# Principal Component Analysis(PCA)

What PCA tells you: If you need to reduce dimension of data by projecting it onto a vector,
which vector is the best to project in order to maintain the original structure of data?

# PCA: An Effective Method for Calculating Overall Scores

Let’s consider a scenario where 100 students took a Korean language test and an English language test.

Assuming that the English test was slightly more difficult, and the results were roughly as follows:

Korean Score English Score
100 83
70 50
30 25
45 30
$\vdots$ $\vdots$
80 60

When visualizing the data with Korean scores on the x-axis and English scores on the y-axis, the distribution may look like the following (Figure 1).

Figure 1. Distribution of example data

If we want to calculate an ‘overall score’ that combines Korean and English scores, what would be a good approach?

The first method that comes to mind is taking the average of the two scores. However, another approach could be to weigh the Korean and English scores in a 6:4 ratio, considering that the English test was relatively more difficult.

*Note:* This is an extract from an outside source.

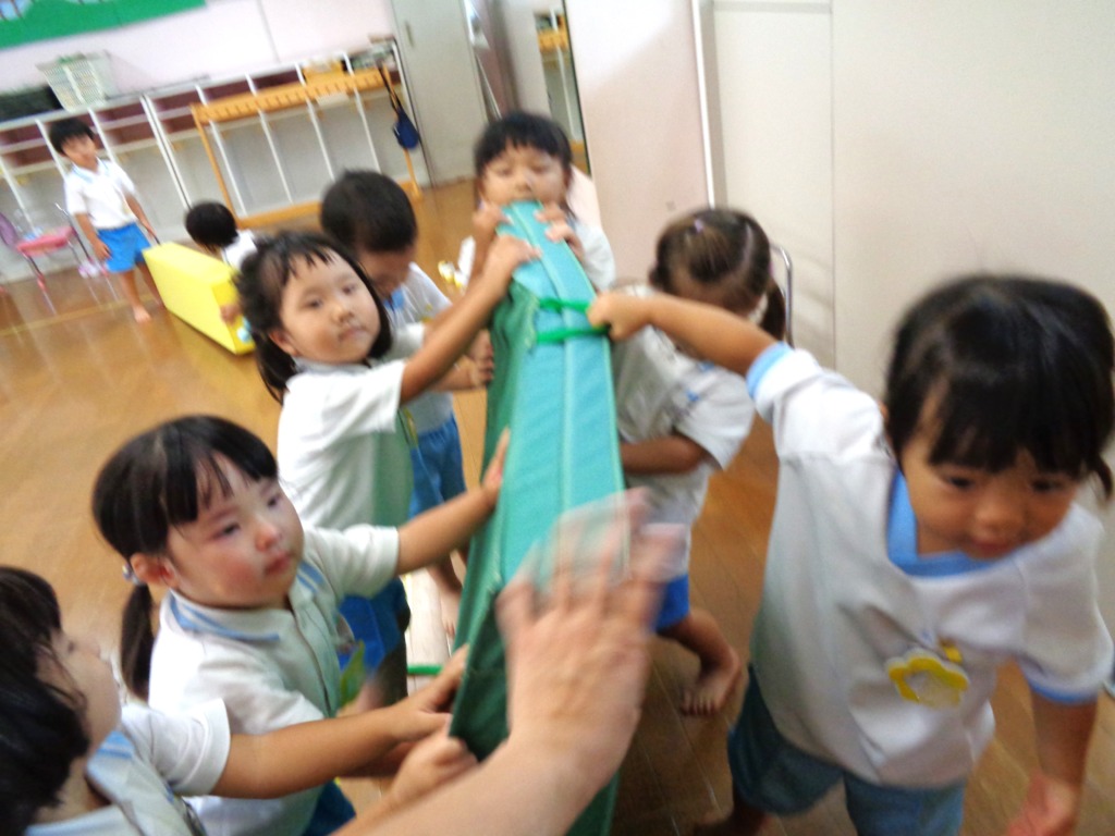 途中でトンネルや鉄橋、踏切を体で表現しながら楽しく遊びました。

Mathematically, how would we express calculating the overall score by taking the average and weighing the scores in a 6:4 ratio?

For example, let’s consider a student, A, who scored 100 in Korean and 80 in English.

Calculating the average with a 5:5 ratio would be:

$100 \times 0.5 + 80 \times 0.5$

And calculating the overall score with a 6:4 ratio would be:

$100\times 0.6 + 80 \times 0.4$

If we explain using more mathematical terms, equation (1) is the dot product of the vector $(100, 80)$ and the vector $(0.5, 0.5)$, and equation (2) is the dot product of the vector $(100, 80)$ and the vector $(0.6, 0.4)$.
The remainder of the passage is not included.